NFL: What to expect at today’s Committee on Los Angeles Opportunities meeting

The Rams and Chargers and Raiders will give updates to the NFL’s Committee on Los Angeles Opportunities about their local stadium situations and their stadium projects in Inglewood and Carson this afternoon in New York.

While part of the updates will involve what’s going on in St. Louis and San Diego and Oakland, make no mistake, this is about selling Inglewood or Carson as the site the NFL should chose for its triumphant return to Los Angeles.

And with the league closing in on a decision about who will relocate to Los Angeles by the end of 2015 – and at what site – the Rams and Chargers and Raiders will undoubtedly be selling their L.A. dreams today.

For the Rams, that means pushing owner Stan Kroenke’s Inglewood stadium site.

For the Raiders and Chargers, it’s extolling the virtues of the joint stadium they are proposing in Carson should new homes not emerge in Oakland and Dan Diego.

And what does that mean, exactly?

The Rams strategy appears to be selling their site and their long history in Los Angeles as insuring a successful return to Los Angeles, while also being willing participants in helping the Chargers and Raiders secure financially beneficial new stadiums and futures.

With a ready made fan base in L.A., the financial mite of a multi-billionaire owner, and an extravagant stadium  on a site Los Angeles fans are familiar with, the Rams will push their plan as the best bet for the NFL’s re-entry into the second-biggest market in the country after a 20-year absence.

The thinking is clear: The NFL has one shot to get it right in L.A. and that’s the Rams in Inglewood. And with room to add another team, either the Chargers or Raiders can be brought on. Once that mission is completed, attention will turn to insuring the third team’s objectives are met.

As for the Chargers and Raiders sales pitch, longtime NFL executive Carmen Policy will lead the presentation. He gave me a preview of his update – which you can read here – and the basis is that Carson offers a solution to two California teams stadium situations. And they will do it as partners in a two-teamed owned stadium

As Policy told me:

“The NFL has been saying since I’ve been involved with NFL committees involved in L.A., whenever the NFL returns to L.A. it will do so with plans to bring two teams. There position is, eventually there will be two teams in L.A. Everything we have studied, everything we have looked at, says if you are going to bring two teams to L.A. the wise, most prudent, most strategic thinking to do is to bring them to L.A. at the same time. Part of that is marketing, but more importantly, we have found that the concept of owner-team, tenant-team doesn’t work. All it does is breed complexity, conflict and sometimes even contempt. One team will always be viewed as the home team. The other team is viewed as the team paying rent. So from the outset, you do it correctly so you aren’t building a stadium that the owner designs and oh, by the way, I’ll make accommodations for the second team and their idea of accommodations is putting in extra locker rooms.

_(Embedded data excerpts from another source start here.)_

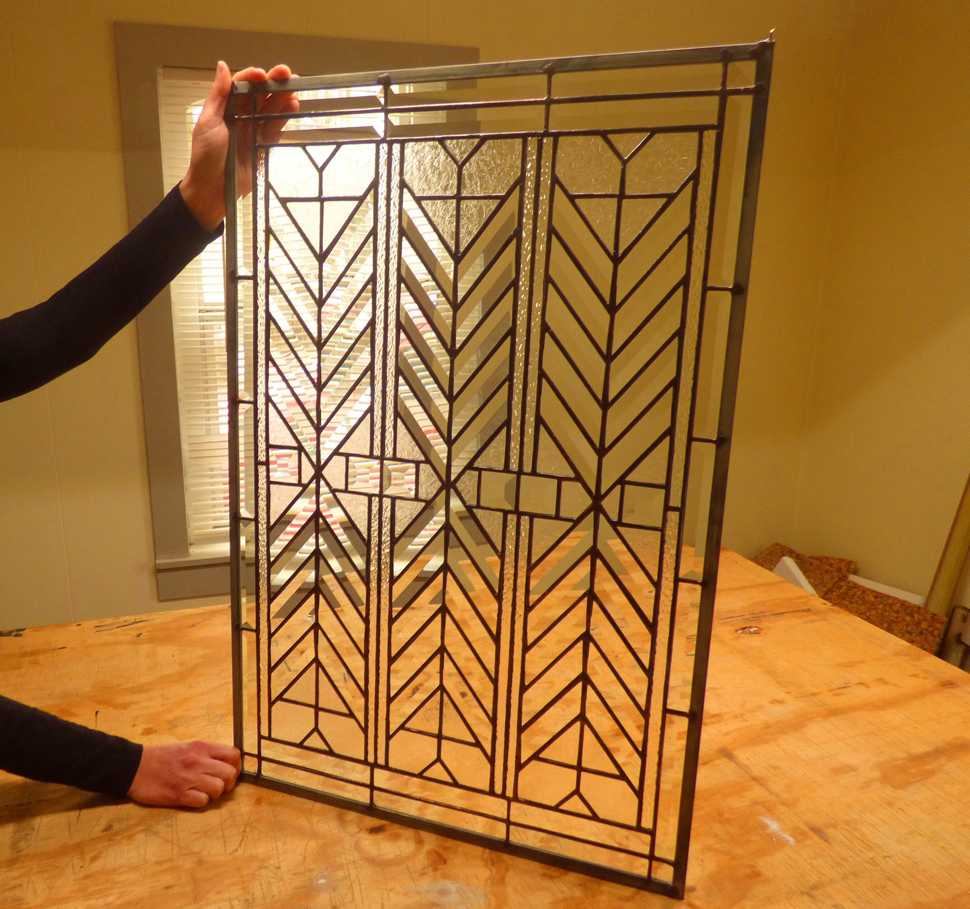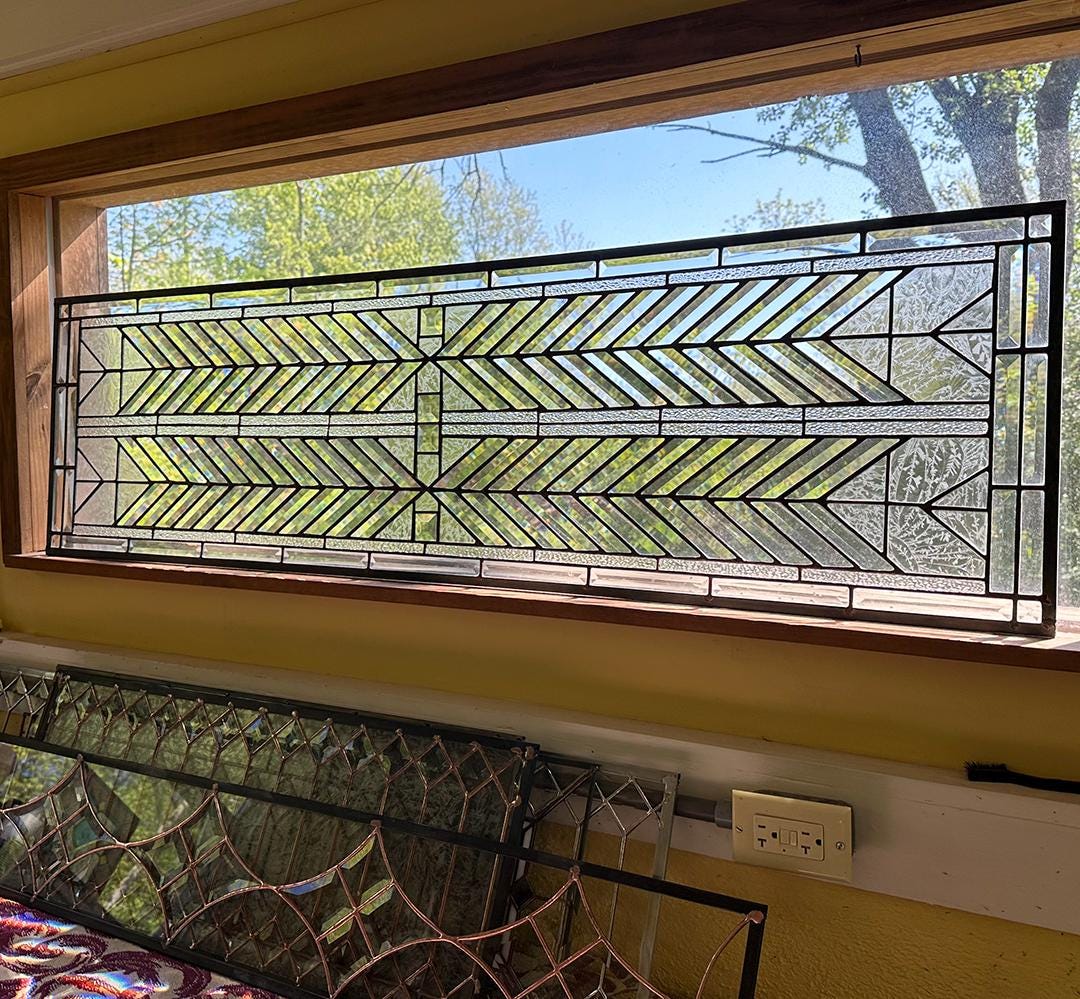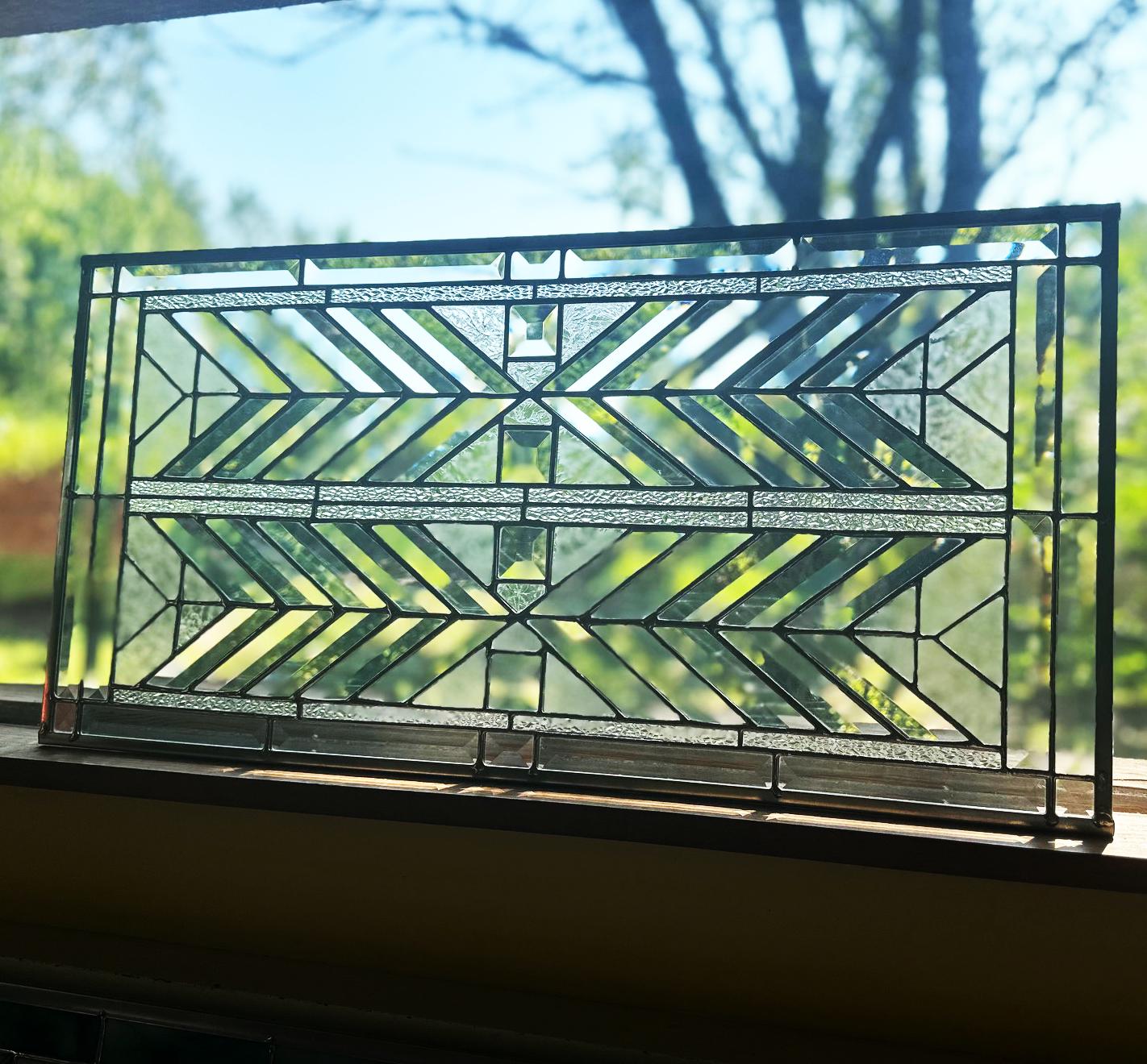 WE MAKE CUTOM SIZES! This beautiful FLW stained glass transom or sidelight is made with clear square bevels, rectangle bevels, a nice contrasting heavy texture with a clear slightly wavey water glass. All I need is the final size. This could make some incredible window art / suncatcher with an addition of hooks.
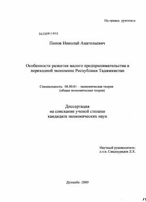 необходимое условие и специфика становления малого предпринимательства в переходной экономике Республики Таджикистан.
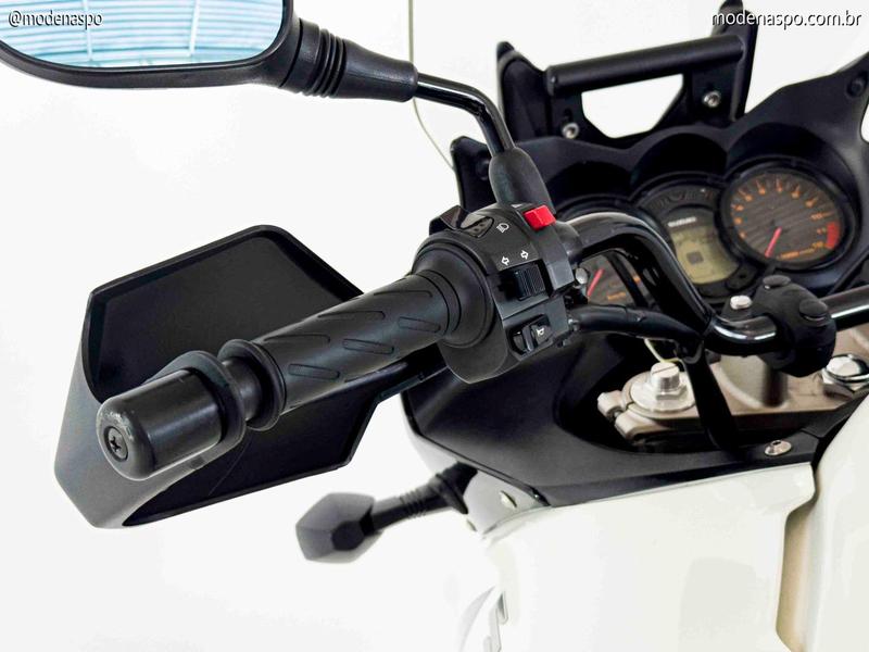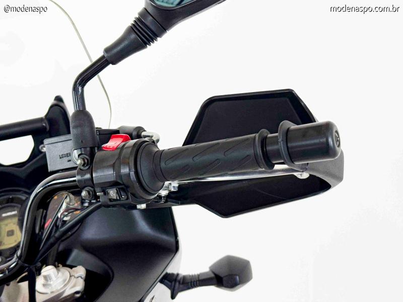 Ergonomia e Conforto: A posição de pilotagem é ereta e natural, com um assento confortável para longas jornadas. O para-brisa é ajustável em três posições, oferecendo ótima proteção aerodinâmica contra o vento e chuva.
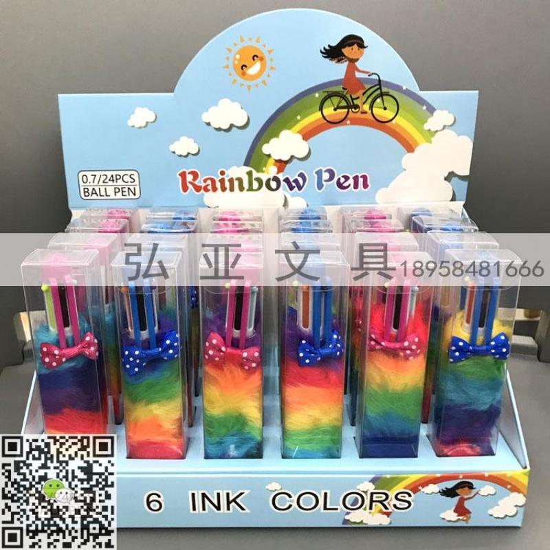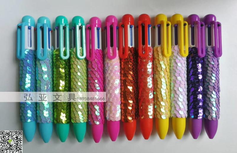 6-color ballpoint pen sequin pen plush pen craft pen can be customized various decorative pens hongya creative stationery

“Look at the 49ers, that’s their stadium. They designed it. Everything about that stadium speaks to the 49ers and their ownership. They did design it in a way that you could say it accommodates a second team. But that second team wouldn’t just be a secondary tenant, they’d feel it all the way through and you couldn’t help but operate it in a fashion that reflects that.

“Here we are with a chance to take two California teams, in the two worst stadium situations in the NFL – they’re in trouble – and you can cure that with one move and build a spectacular building that each of those teams own. And it’s in the perfect available spot in L.A.

“If you just follow the logic, it pushes you to a logical conclusion. And we believe that is Carson.”

Making that case continues today in New York. Down the road, all 32 owners will gather for a special meeting in Chicago August 11 to hear the latest updates to that point.

And at some point after that, the NFL will get down to the business of deciding what team or teams will relocate to Los Angeles, and where they will play.